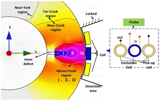 As shown in Figure 1, DC magnetization is used to actively excite MPP. The pipe is rotated along the magnetization direction, and a fixed position probe loaded through AC excitation induces the eddy current field on the external wall of the pipe. The regions of MPP cause changes in eddy current distribution, resulting in changes in the secondary magnetic field received by the probe. In order to maximize the detection sensitivity of the signal, the receiving coils and excitation coils are distributed along the circumference of the pipe directly above the defect. The probe has a differential structure, which is oriented close and perpendicular to the sample to be tested.
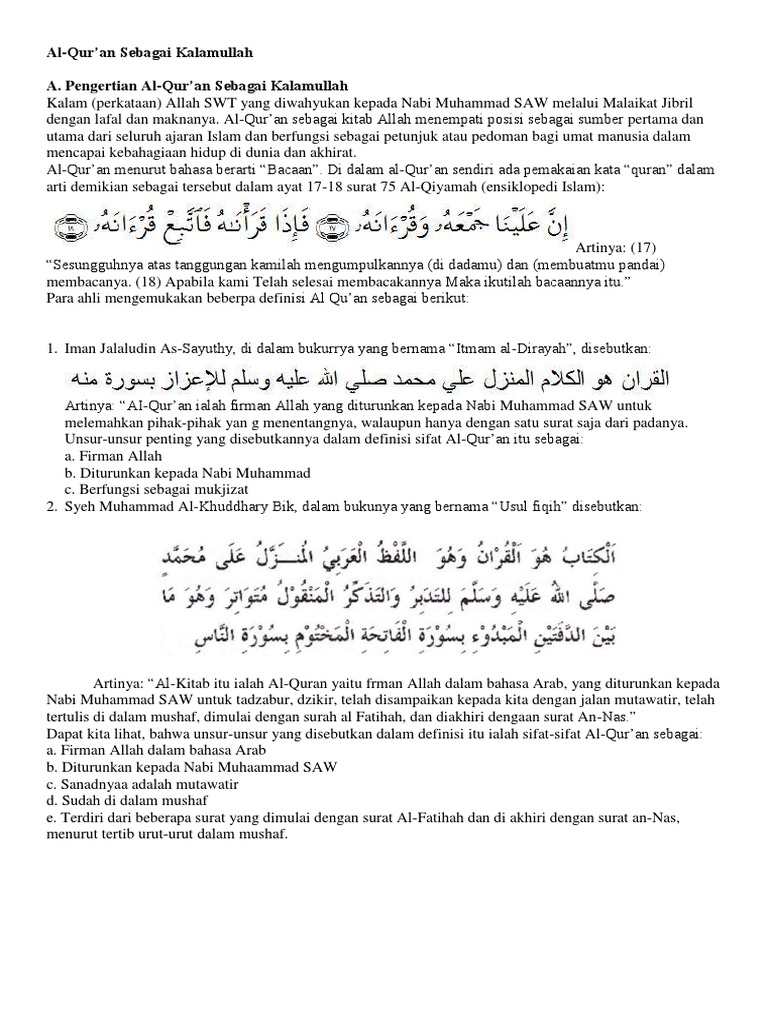 Selain itu al quran juga merupakan sebuah sumber pedoman hidup dan sumber hukum utama dalam ajaran agama islam. Juga berisi tentang wahyu wahyu allah swt yang diturunkan pedada nabi muhammad saw lewat perantaraan malaikat jibril. Dr subhi al shalih pengarang kitab mabahits fi ulumil qur an mengemukakan bahwa pendapat yang paling kuat adalah lafadz al qur an itu masdar dan sinonim murodif dengan lafadz qiro ah sebagaimana tertulis dalam qur an surat al qiyamah ayat 17 18. Al qur an itu wahyu illahi yang diturunkan kepada muhammad yang telah disampaikan kepada kita umatnya dengan jalan mutawatir yang dihukumi kafir orang yang meriwayatkannya.
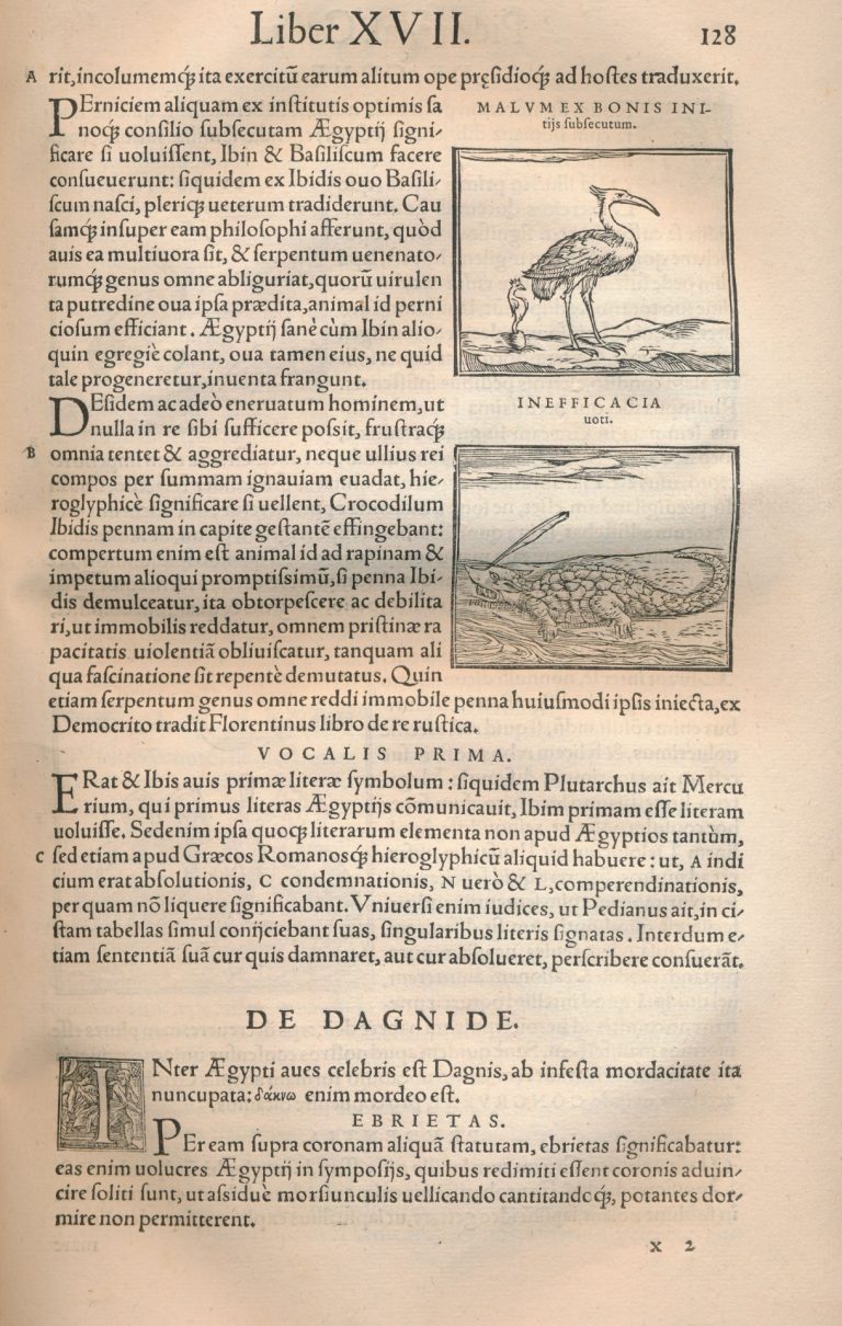 Más alejado de la observación directa y más cercano a la mitología y al simbolismo es el tratamiento del ibis sagrado (Threskiornis aethiopicus), de cuya importancia da cuenta el hecho de que con él se representa al dios Thot y está atestiguada también por la gran cantidad de aves momificadas que se han encontrado. Las ideas que ya encontramos en los antiguos se recuperan en el Renacimiento, cuando se quiere proponer una interpretación de los jeroglíficos y entonces se destaca su poder bienhechor, pues el ibis libra a los egipcios de las serpientes aladas que vuelan desde Arabia en primavera.
####################
What is needed |
Pictures aside, reproduce all of the data exactly.

The answer |
 As shown in Figure 1, DC magnetization is used to actively excite MPP. The pipe is rotated along the magnetization direction, and a fixed position probe loaded through AC excitation induces the eddy current field on the external wall of the pipe. The regions of MPP cause changes in eddy current distribution, resulting in changes in the secondary magnetic field received by the probe. In order to maximize the detection sensitivity of the signal, the receiving coils and excitation coils are distributed along the circumference of the pipe directly above the defect. The probe has a differential structure, which is oriented close and perpendicular to the sample to be tested.
 Selain itu al quran juga merupakan sebuah sumber pedoman hidup dan sumber hukum utama dalam ajaran agama islam. Juga berisi tentang wahyu wahyu allah swt yang diturunkan pedada nabi muhammad saw lewat perantaraan malaikat jibril. Dr subhi al shalih pengarang kitab mabahits fi ulumil qur an mengemukakan bahwa pendapat yang paling kuat adalah lafadz al qur an itu masdar dan sinonim murodif dengan lafadz qiro ah sebagaimana tertulis dalam qur an surat al qiyamah ayat 17 18. Al qur an itu wahyu illahi yang diturunkan kepada muhammad yang telah disampaikan kepada kita umatnya dengan jalan mutawatir yang dihukumi kafir orang yang meriwayatkannya.
 Más alejado de la observación directa y más cercano a la mitología y al simbolismo es el tratamiento del ibis sagrado (Threskiornis aethiopicus), de cuya importancia da cuenta el hecho de que con él se representa al dios Thot y está atestiguada también por la gran cantidad de aves momificadas que se han encontrado. Las ideas que ya encontramos en los antiguos se recuperan en el Renacimiento, cuando se quiere proponer una interpretación de los jeroglíficos y entonces se destaca su poder bienhechor, pues el ibis libra a los egipcios de las serpientes aladas que vuelan desde Arabia en primavera.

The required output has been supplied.